К о с т я. По-твоему, я не должен пить и есть? Да выйди я в рваной одежде на улицу — тебе первому будет стыдно. Ты же как-никак главный инженер, триста рублей получаешь.


Появляется  О л я. Она вошла и остановилась в дверях. Ни Егор Ильич, ни Костя ее не замечают.

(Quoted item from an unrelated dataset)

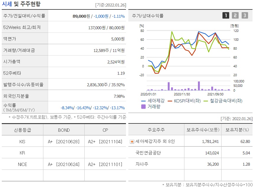 [세아제강] 기업개요 주식회사 세아제강지주(구, 주식회사 세아제강)가 영위하는 사업 중 강관제조 및 판매 사업부문을 인적분할해 설립된 분할신설법인임. 막대한 자본투자가 소요되는 자본집약적 장치산업임.

Е г о р. Подсчитал! Ай да молодец! Ты забыл еще прибавить: в новых деньгах. А я-то думал, у меня сын растет. А сын едва вылез из коротких штанишек, уже на всё поплевывает, ничего святого, никаких обязанностей, никаких идеалов!

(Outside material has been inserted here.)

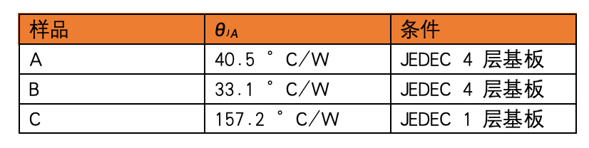 封装半导体器件的热特性与三温测试随着行业趋势向更小、更快和更高功率的设备发展,热管理变得越来越重要。毕竟,如果不对热问题进行仔细权衡,则更高的器件性能可能会付出代价——温度升高和可靠性降低。随着行业趋势向更小、更快和更高功率的设备发展,热管理变得越来越重要。毕竟,如果不对热问题进行仔细权衡,则更高的器件性能可能会付出代价——温度升高和可靠性降低。 一.热阻的概念 1.描述封装器件热性能的常用方法是使用“热阻”,用希腊字母“theta”或θ表示。对于半导体器件,热阻表示在每个瓦特功率(热量)散失到芯片表面时,芯片结点温度上升的稳定状态。其单位为摄氏度/瓦(℃/W)。 2.最常见的例子是 Theta-JA(结点至环境温度)、Theta-JC(结点至外壳温度)和 Theta-JB(结点至电路板温度)。知道了参考温度(即环境温度、外壳温度或电路板温度)、功率和相关的 Theta 温值,就可以计算出结点温度。Theta-JA 通常用于使用安装在环氧树脂玻璃印刷电路板上的元件的自然对流和强制对流空气冷却系统。Theta-JC 适用于直接安装在 PCB 或散热片上的高导电率封装。θ-JB适用于已知封装邻近电路板温度的情况。 3.ψ-JB和ψ-JT实际上是热特性参数,而不是严格的热阻,因为它们描述的是器件内部结点与特定参考点(例如电路板或封装顶部)之间的温升关系,并不直接代表一个明确的两点间热流路径。这种区别对于正确理解和应用这些参数来评估电子设备的热性能非常重要。 二.常用术语 ● TJ (Die Junction Temp, °C):半导体芯片内部结温点(即实际产生热量的地方)的温度。 ● TC (Package Case Temp, °C):封装外壳的温度,通常是在靠近芯片一侧测量的。 ● TB (Board Temp Adjacent to Package, °C):紧邻封装底部的电路板表面的温度。 ● TT (Top of Package Temp at Center, °C):封装顶部中心位置的温度。 ● TA (Ambient Air Temp, °C):环境空气温度,即设备周围空气的温度。 ● θJA (Theta-JA, °C/W):从结点到环境空气的热阻,表示结点温度与环境空气温度之间的温差相对于耗散功率的比例。 ● θJC (Theta-JC, °C/W):从结点到封装外壳的热阻,表示结点温度与封装外壳温度之间的温差相对于耗散功率的比例。 ● θJB (Theta-JB, °C/W):从结点到电路板的热阻,表示结点温度与电路板温度之间的温差相对于耗散功率的比例。 ● ΨJB (Psi-JB, °C/W):结点到基板热特性参数,不同于θJB,它提供了基于特定条件下的实验数据来估算结温的方法。 ● ΨJT (Psi-JT, °C/W):结点至顶(封装顶部)热特性参数,类似于ΨJB,但它是关于封装顶部中心处温度的。 ●P(Power dissipated bydevice,Watts):设备耗散的功率,单位为瓦特(W),指的是器件工作时产生的热量。 三.热阻和热特性参数的使用方法 1.热阻θJA的使用方法 热阻θJA是从器件PN结到周围环境温度的热阻。θJA的符号还 有RthJA、RθJA、Theta-JA 。θJA如图1所示。另外,如式(1)所示,结温度和周围环境温度的温差除以功率损耗(热流量)。 图 1 : θJA的定义 数据表中记载θJA是在 JEDEC 标准 JESD51-2A 中定义的环境中测量的值。用于比较在相同环境下测量的其他产品的散热性能。 在特定的应用下、环境与 JEDEC 不同, θJA的值也不一样。因此,在特定应用下不能使用数据表中记载的θJA、将式(1)变形为 TJ 的式子来推定结温度。 No.1.θJA的使用案例 案例A 在不同的产品之间比较θJA,选择散热性能好(θJA低)的产品来使用。 在这个例子中,产品A和B的基板条件相同,所以可以进行 比较,但是产品C的条件不同,所以不能进行比较。需要得 到相同条件的数据。 案例B 预先通过现有 应用已判断结温度时,在不同的产品间比较θJA,确定结温度相对变化多少度。即使JEDEC下的θJA和现有应 用下的θJA不同,是相对比较,也作为依据处理, 如式(2)所示。 在使用产品A的当前应用中,结温度为155℃。推测变更为产品B的结温度会达到多少。功率损耗计算为2W。 ![]() 案例C TO 封装等通孔部件由于对PCB散热的影响小,所以IC单体 θJA 记载在数据表中。如果应用中不使用散热器,可以使用公式(3)估计结温度。应用下的环境温度,需要考虑包含由于自 身发热和其他零件发热导致环境温度上升部分的状态。 IC单体的θJA为70°C/W、功率损耗为1W、壳体内周围环境 温度的最大值为65°C时,可按以下公式进行推测: 案例D θJA的使用方法项中,虽然写了不能使用数据表中记载 的θJA、将式(1)变形为TJ 的式子来推定结温度。在电路设计 阶段估计结温时,理解根据PCB的不同θJA变化的基础上可以使用。SMD(Surface Mount Device)使用此方法进行粗略估计。 TJ的推定使用式(3), θJA 使用哪个值变得重要了。θJA使用数据表中记载的值,如果比起将来完成的PCB 的θJA,数据表的θJA低的情况下余量为负了,结温度超过绝对最大额定值的可能性变大。 为了防止这种情况,使用热阻比设计的PCB还高的条件下的 θJA。例如,如果设计的PCB为4层,则使用数据表中记载 的1层PCB的θJA的方法。 图2 : HTSOP-J8 封装的θJA 因为1层和4层PCB的铜箔面积有很大的不同θJA也有很大的差别(图3)。如果余量取得过大,结温明显超过时,则可取得铜箔面积可变时的θJA,选择合适余量的θJA(图4)。 图3 : 1 层和 4 层PCB的铜箔面积差异 图4 : 改变铜箔面积时θJA的变化 2.热阻θJC的使用方法 热阻θJC 是从器件PN 结到壳体表面的热阻。θJC的符号还有 RthJC、RθJC、Theta-JC 。数据表中记载θJC测量采用JEDEC标 准JESD51-

О л ь г а (откашлявшись). Извините, Егор Ильич!

К о с т я. Ольга?

Е г о р. Чем обязан столь позднему визиту?

О л ь г а (смотрит на Егора Ильича, потом на Костю). Я… я…

К о с т я. Ябедничать пришла, да?

Е г о р. Слушаю вас!

О л ь г а. Может быть, это глупо с моей стороны, но вы, Егор Ильич, неправы. У Костика есть мечты, у него есть и идеалы.

К о с т я. Не твое это дело, Ольга! Я в адвокаты тебя не нанимал.

О л ь г а. Он сам мне говорил. Он хочет людям делать только добро, только хорошее. И вообще Костя умный, светлый. Только странный…

Е г о р. Ну, кончила, защитница?..

О л ь г а. А я не защищаю…

Е г о р. Костя хороший, чудесный, великолепный, прелестный. Все верно. Только вам, барышня, спать пора.

О л ь г а. А я не барышня.

Е г о р. А кто же вы?

О л ь г а. Я? Просто Оля. Оля Корочкина.

К о с т я. Ольга, тебя мать ждет. Она беспокоится.

О л ь г а. Без тебя знаю.

К о с т я. Скажи, какая самостоятельная стала! И давно?

О л ь г а. Я вчера паспорт получила.

Е г о р. Поздравляю! И тем не менее спокойной ночи!

О л ь г а. Хорошо! Пусть будет по-вашему. (Косте.) А грубить ты не имеешь права, некрасиво. (Уходит.)

К о с т я. Оля, Оля!..

Е г о р. Да!.. Сеять добро, делать людей счастливыми — похвально! Но для этого требуется, дорогой мой сын, чтобы человек был человеком!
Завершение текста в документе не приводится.